The bottom one is a hybrid in all probability. The female shows the correct horizontal barring, she is a good specimen. The male also has vertical barring, and broken up bars, markings typically only seen on hybrids.


----------



## slyons93 (Aug 2, 2012)

i thought as well that the top was a female but was pointed out to me that females are yellow, not a blue. So thats why i was so confused. So a male johanni and a possible hybrid.


----------



## Fogelhund (Dec 3, 2002)

slyons93 said:


> i thought as well that the top was a female but was pointed out to me that females are yellow, not a blue. So thats why i was so confused. So a male johanni and a possible hybrid.


So what you are saying is that you are not certain if the top one is a male or female? What made you think it was a female?


----------



## slyons93 (Aug 2, 2012)

yes i thought the top one was a female at first because of the size difference and the difference in markings. the 2nd and 3rd photos, the fish is larger and has more defined stripes instead of lines. so i assumed (stupid me) that was the difference in males and females. so now i am to believe that they are not male and female but instead are male johanni and a non-johanni if you will.....


----------



## Fogelhund (Dec 3, 2002)

If you have had the top fish since it was small, say 1" or less, we can conclude what it is.

Pseudotropheus cyaneorhabdos are born blue, both the males and females. They stay blue.

Pseudotropheus johanni are born yellow. Males turn blue.

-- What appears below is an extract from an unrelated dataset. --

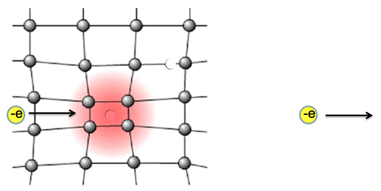 Describe how electrons can locally distort a crystal lattice
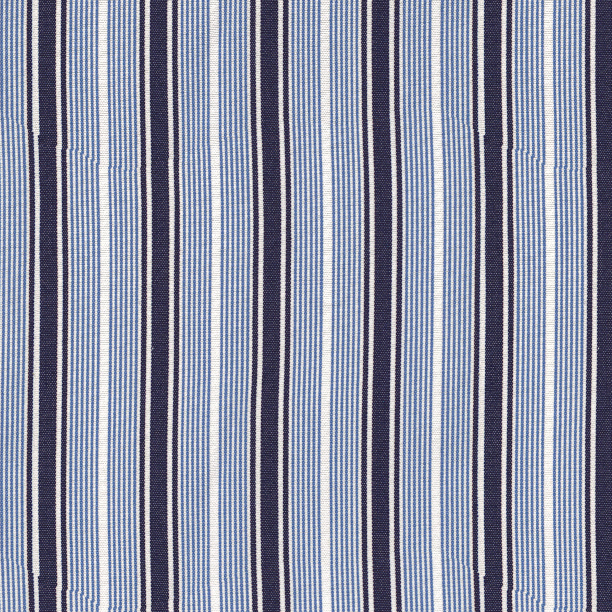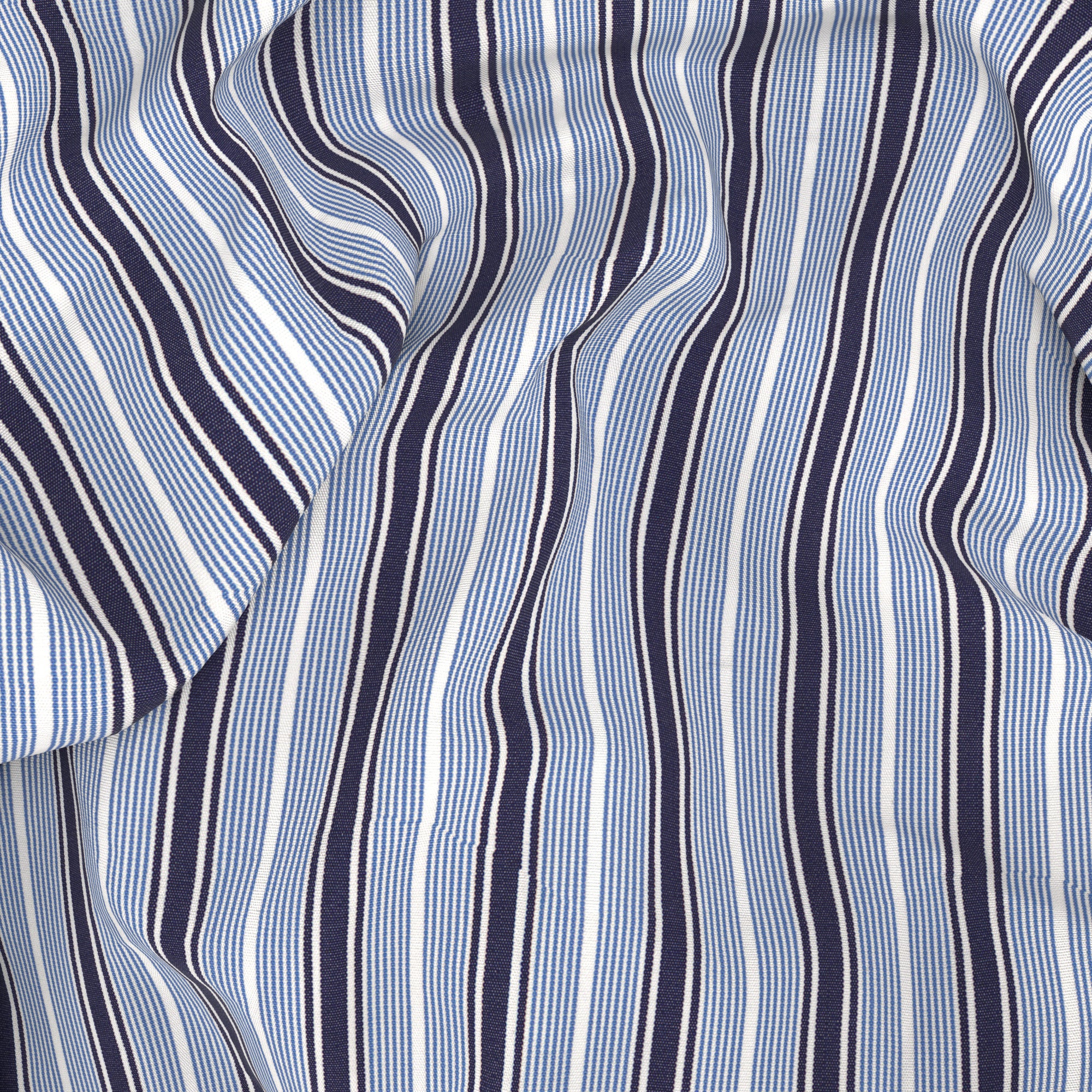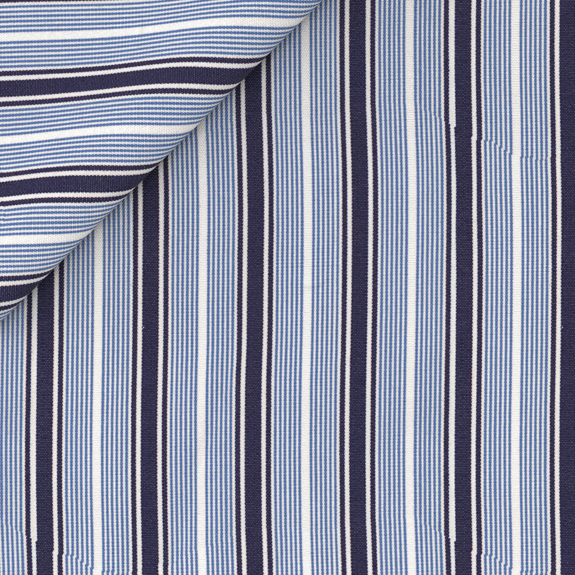 Camicia Su Misura realizzata in cotone di Thomas Mason con una fantasia rigata azzurra e blu. Pensata per i look business, da indossare insieme a giacca e cravatta, come alternativa rispetto alla classica bianca.

Mature males are impossible to differentiate. Mature females are easy to differentiate.


----------



## slyons93 (Aug 2, 2012)

well they were about 2.5" when i got them and they were both blue. doesnt really help huh? lol


----------



## Fogelhund (Dec 3, 2002)

slyons93 said:


> well they were about 2.5" when i got them and they were both blue. doesnt really help huh? lol


No it doesn't help. If the fish is male, you'll never have a positive ID.


----------



## slyons93 (Aug 2, 2012)

well thanks for trying anyways


----------